[Data items]
┌────────

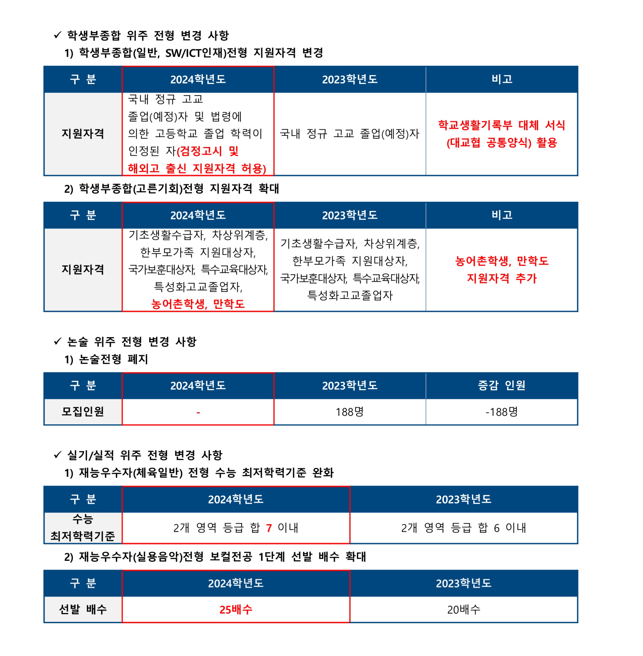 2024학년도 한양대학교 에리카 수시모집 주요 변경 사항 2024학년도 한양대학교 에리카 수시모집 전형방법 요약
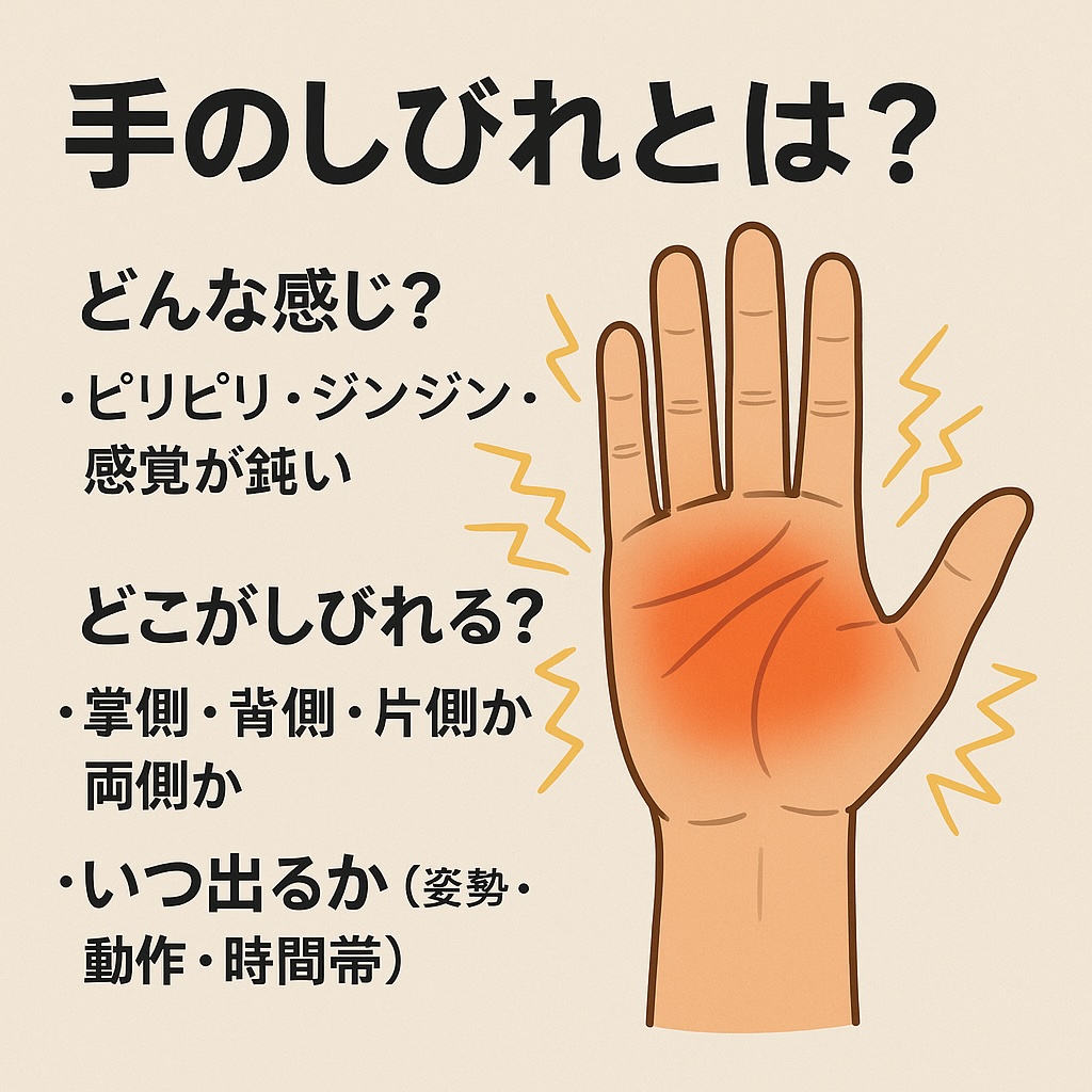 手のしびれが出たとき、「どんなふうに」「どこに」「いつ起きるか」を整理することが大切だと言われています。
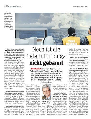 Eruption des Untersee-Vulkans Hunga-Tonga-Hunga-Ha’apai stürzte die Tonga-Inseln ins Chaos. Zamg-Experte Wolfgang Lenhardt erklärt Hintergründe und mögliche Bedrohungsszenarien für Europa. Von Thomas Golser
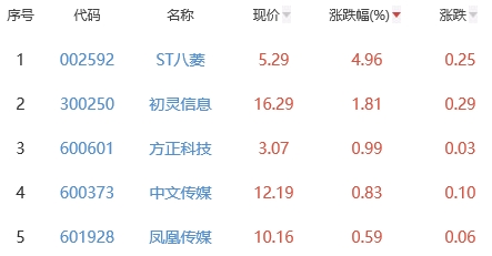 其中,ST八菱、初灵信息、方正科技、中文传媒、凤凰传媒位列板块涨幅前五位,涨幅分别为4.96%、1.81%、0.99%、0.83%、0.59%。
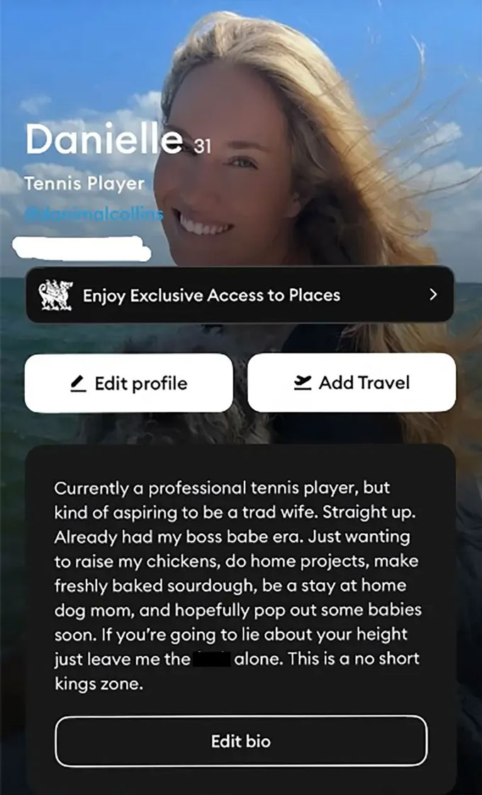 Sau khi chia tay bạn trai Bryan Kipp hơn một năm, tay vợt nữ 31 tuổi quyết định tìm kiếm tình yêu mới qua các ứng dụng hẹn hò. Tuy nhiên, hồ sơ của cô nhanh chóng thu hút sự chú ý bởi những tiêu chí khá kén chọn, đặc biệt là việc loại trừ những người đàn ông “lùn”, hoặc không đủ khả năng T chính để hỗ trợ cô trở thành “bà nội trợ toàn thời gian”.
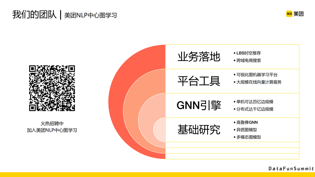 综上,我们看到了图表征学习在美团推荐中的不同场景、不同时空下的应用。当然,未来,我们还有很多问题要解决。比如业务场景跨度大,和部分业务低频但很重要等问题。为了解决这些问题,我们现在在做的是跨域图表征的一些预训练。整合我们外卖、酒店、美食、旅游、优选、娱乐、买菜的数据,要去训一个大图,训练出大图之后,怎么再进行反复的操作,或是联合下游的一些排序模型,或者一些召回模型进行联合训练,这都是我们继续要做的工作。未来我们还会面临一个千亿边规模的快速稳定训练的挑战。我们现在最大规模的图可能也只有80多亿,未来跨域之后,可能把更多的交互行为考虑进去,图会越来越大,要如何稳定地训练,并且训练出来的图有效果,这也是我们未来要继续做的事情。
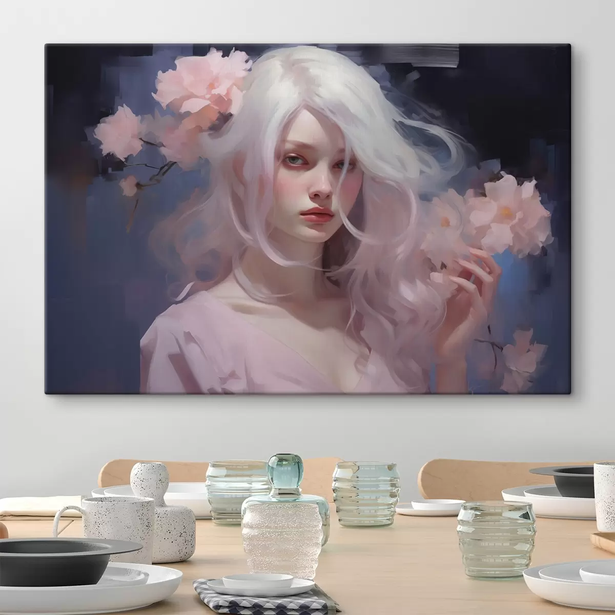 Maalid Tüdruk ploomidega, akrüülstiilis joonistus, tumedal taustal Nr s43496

└────────

#### ASSIGNMENT:
Output a faithful copy of the data, with each picture left out.

#### SOLUTION TO THE EXERCISE:
 2024학년도 한양대학교 에리카 수시모집 주요 변경 사항 2024학년도 한양대학교 에리카 수시모집 전형방법 요약
 手のしびれが出たとき、「どんなふうに」「どこに」「いつ起きるか」を整理することが大切だと言われています。
 Eruption des Untersee-Vulkans Hunga-Tonga-Hunga-Ha’apai stürzte die Tonga-Inseln ins Chaos. Zamg-Experte Wolfgang Lenhardt erklärt Hintergründe und mögliche Bedrohungsszenarien für Europa. Von Thomas Golser
 其中,ST八菱、初灵信息、方正科技、中文传媒、凤凰传媒位列板块涨幅前五位,涨幅分别为4.96%、1.81%、0.99%、0.83%、0.59%。
 Sau khi chia tay bạn trai Bryan Kipp hơn một năm, tay vợt nữ 31 tuổi quyết định tìm kiếm tình yêu mới qua các ứng dụng hẹn hò. Tuy nhiên, hồ sơ của cô nhanh chóng thu hút sự chú ý bởi những tiêu chí khá kén chọn, đặc biệt là việc loại trừ những người đàn ông “lùn”, hoặc không đủ khả năng T chính để hỗ trợ cô trở thành “bà nội trợ toàn thời gian”.
 综上,我们看到了图表征学习在美团推荐中的不同场景、不同时空下的应用。当然,未来,我们还有很多问题要解决。比如业务场景跨度大,和部分业务低频但很重要等问题。为了解决这些问题,我们现在在做的是跨域图表征的一些预训练。整合我们外卖、酒店、美食、旅游、优选、娱乐、买菜的数据,要去训一个大图,训练出大图之后,怎么再进行反复的操作,或是联合下游的一些排序模型,或者一些召回模型进行联合训练,这都是我们继续要做的工作。未来我们还会面临一个千亿边规模的快速稳定训练的挑战。我们现在最大规模的图可能也只有80多亿,未来跨域之后,可能把更多的交互行为考虑进去,图会越来越大,要如何稳定地训练,并且训练出来的图有效果,这也是我们未来要继续做的事情。
 Maalid Tüdruk ploomidega, akrüülstiilis joonistus, tumedal taustal Nr s43496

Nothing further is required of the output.